Garbage transporters sneakily leave behind big clumps: study

 

When the public sees garbage heaps, it doesn’t think twice about adding waste.

A considerable quantity of garbage collected from locality mushrooms in the same area instead of being transported to the designated landfills, reveals a report of a pilot project carried out by a private data solutions company to assist the Bruhat Bangalore Mahanagara Palike (BBMP) in addressing issues related to garbage at the Konena Agrahara ward.

The project outcome was submitted to a Division Bench of the Karnataka High Court comprising Justice N. Kumar and Justice B.V. Nagarathna on Tuesday during the hearing of public interest litigation (PIL) petitions on Bangalore’s garbage problems.

Navigem Data Pvt.

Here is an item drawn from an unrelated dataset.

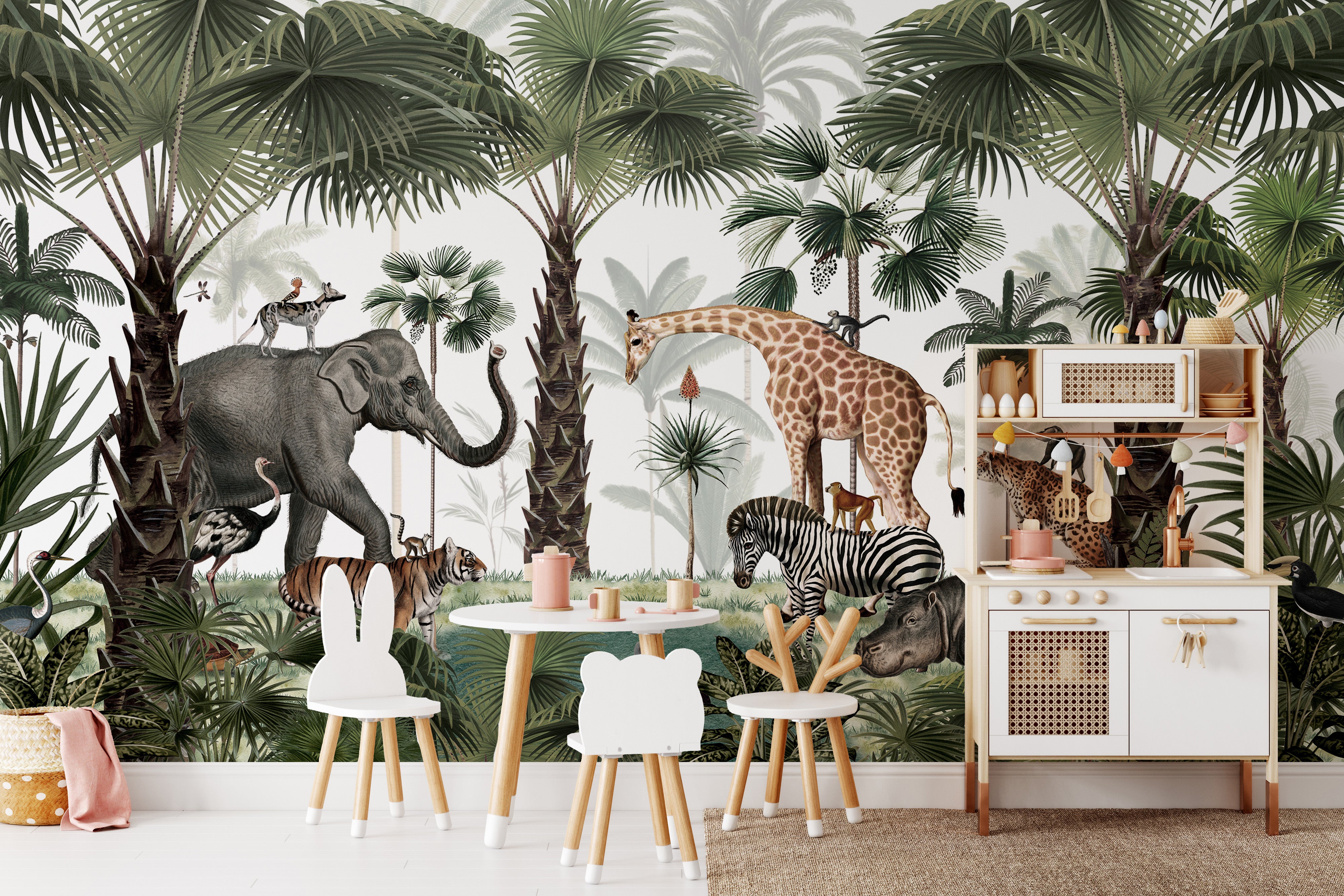 This wildlife animal kingdom wallpaper mural is a safari-themed inspiration for kids rooms, nurseries and preschoolers.  The jovial animals add a charming display in vivid colors and fill the space with lively elements. It’s enchanting tropical-inspired motifs that raise the depth with nature’s freshness. Suitable for diverse statements, this wildlife whimsy creates a sanctuary inside your space and features an adorable animal kingdom with little adventure. It's an oasis for the room with vibrant colors and a delightful view. Made with high-quality papers, this product is eco-friendly and keeps the environment safe for kids as well as adults.

Ltd., which did the pilot project free of cost for the BBMP as part of the company’s corporate social responsibility (CSR) after the BBMP accepted its proposal to carry out the study, pointed out in its report that garbage ‘mushrooms’ are coming up near electrical transformers and vacant sites, where the transporters are unofficially dumping portions of the garbage they are supposed to lift.

In Konena Agrahara, the report pointed out, the approximate accumulation of garbage in the form of mushrooms could be around 500 metric tonnes and these could be lying there for months or years. The report has identified at least 52 mushrooms in Konena Agrahara lying there for months and even years. The report points out that it is a huge quantum of garbage accumulation compared to daily collection of around 16 to 19 tonnes per day in the ward.

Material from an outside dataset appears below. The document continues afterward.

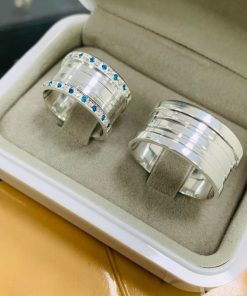 Alianças de Namoro Estilo Bulgari em Prata 950 | Cor Azul e Branca | 10mm Grossas | Semi Anatômicas | Liso Polido

When contacted, Madhu Kongovi, chief executive officer, Navigem, told The Hindu the mushrooms have cropped up as the transporters are trying to “sweep the garbage under the carpet”, while trying to keep the official pickup and satellite points clean.

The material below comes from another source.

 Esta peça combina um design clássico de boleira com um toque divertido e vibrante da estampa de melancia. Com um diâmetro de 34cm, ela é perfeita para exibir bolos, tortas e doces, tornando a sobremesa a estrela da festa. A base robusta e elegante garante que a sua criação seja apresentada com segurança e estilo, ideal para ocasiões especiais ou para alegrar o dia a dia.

This, he said, was because they are not equipped to transport entire the quantity of collected garbage to landfills in one go.

“What we observed was that people don’t start dumping trash in vacant sites by themselves. But when they see an existing waste pileup they don’t think twice about adding to it. This is how garbage mushrooms are born. With time, these mushrooms get only bigger,” he pointed out.

Waste segregation

Mr. Kongovi, however, said that mushrooming should end once the segregation at source and waste collection from bulk generators are streamlined as it reduces nearly 50 per cent of the total garbage to be transported to landfills.

“Seventy per cent of mushrooms are on vacant sites and around transformers,” the report pointed out.

He said that a team of eight persons kept a close watch on garbage, generation, collection and transportation for about eight weeks, collected necessary data and analysed them using mathematical and statistical data analysis tools.

The report also disclosed that only 10 per cent of the ward segregates the waste and door-to-door collection is only to the extent of 58 per cent.

Suggested solutions

In its recommendations, the report stated that hoardings and posters, debris and dig-ups created by BWSSB and Bescom, debris of trees pruned by Bescom and dumping of illegal construction materials had to be regulated. It also recommended working of garbage collectors and cleaners in two shifts — 6.30 a.m. to 1 p.m., and 11 a.m. to 6 p.m. instead of the present 6.30 a.m. to 2.30 p.m.